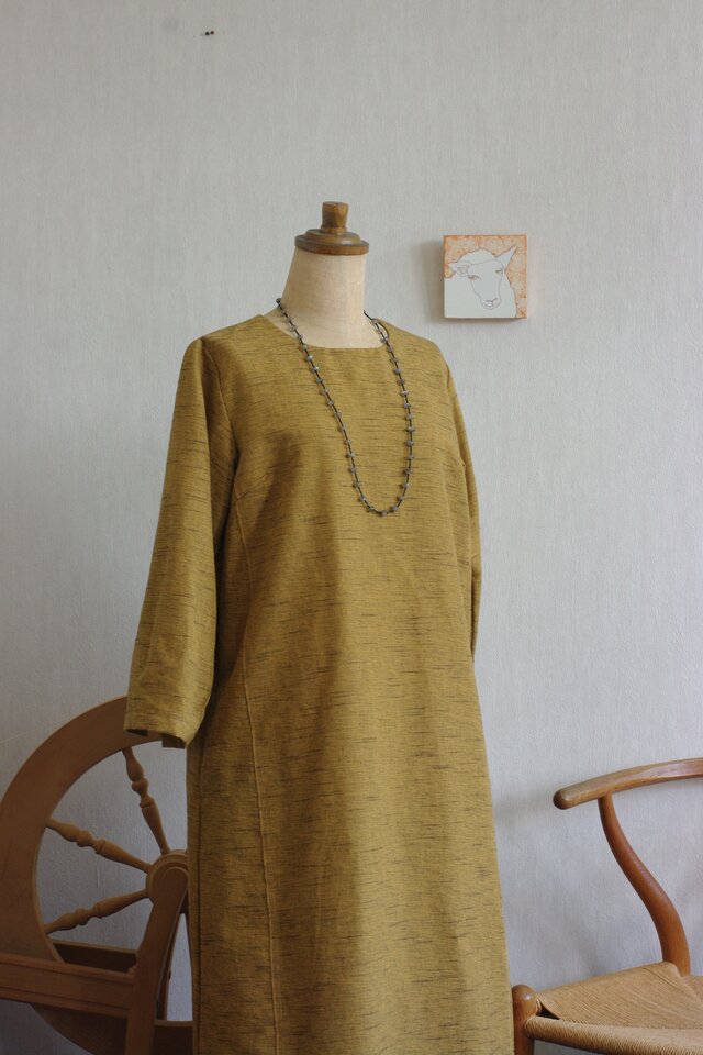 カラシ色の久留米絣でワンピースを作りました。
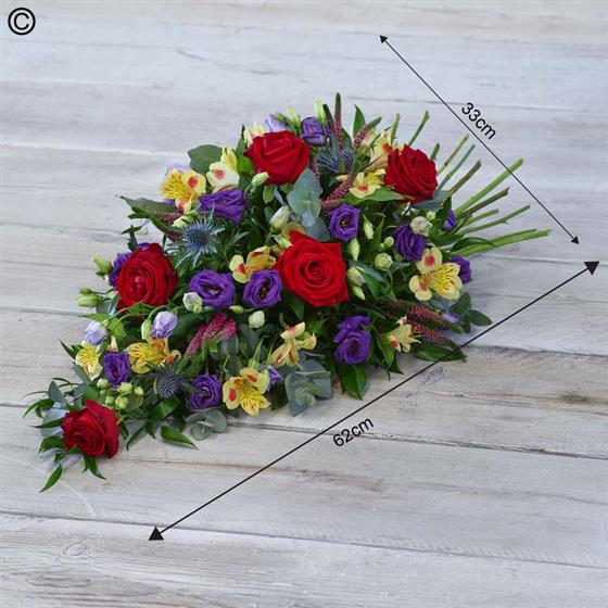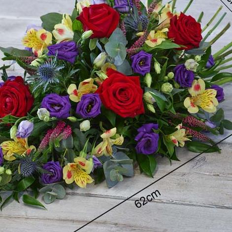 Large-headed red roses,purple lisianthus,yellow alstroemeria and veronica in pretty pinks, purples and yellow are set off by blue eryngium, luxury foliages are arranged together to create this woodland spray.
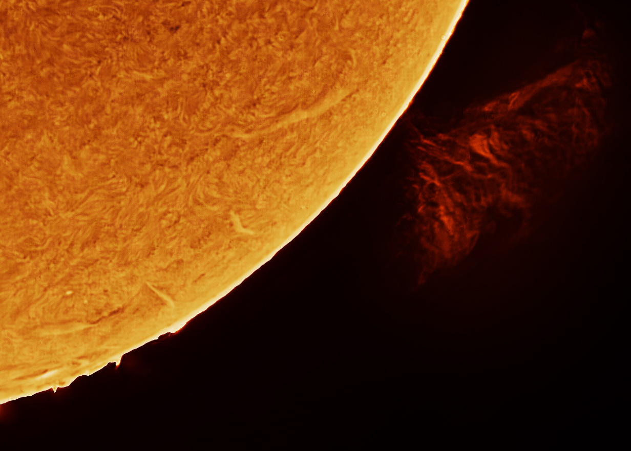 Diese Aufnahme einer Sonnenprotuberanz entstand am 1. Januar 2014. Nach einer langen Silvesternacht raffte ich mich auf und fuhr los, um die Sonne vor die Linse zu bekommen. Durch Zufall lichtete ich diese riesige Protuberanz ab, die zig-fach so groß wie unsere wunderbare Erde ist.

---*---

Exercise aim: Each word of the data should be repeated exactly, and the pictures left out.

Answer box:
 カラシ色の久留米絣でワンピースを作りました。
 Large-headed red roses,purple lisianthus,yellow alstroemeria and veronica in pretty pinks, purples and yellow are set off by blue eryngium, luxury foliages are arranged together to create this woodland spray.
 Diese Aufnahme einer Sonnenprotuberanz entstand am 1. Januar 2014. Nach einer langen Silvesternacht raffte ich mich auf und fuhr los, um die Sonne vor die Linse zu bekommen. Durch Zufall lichtete ich diese riesige Protuberanz ab, die zig-fach so groß wie unsere wunderbare Erde ist.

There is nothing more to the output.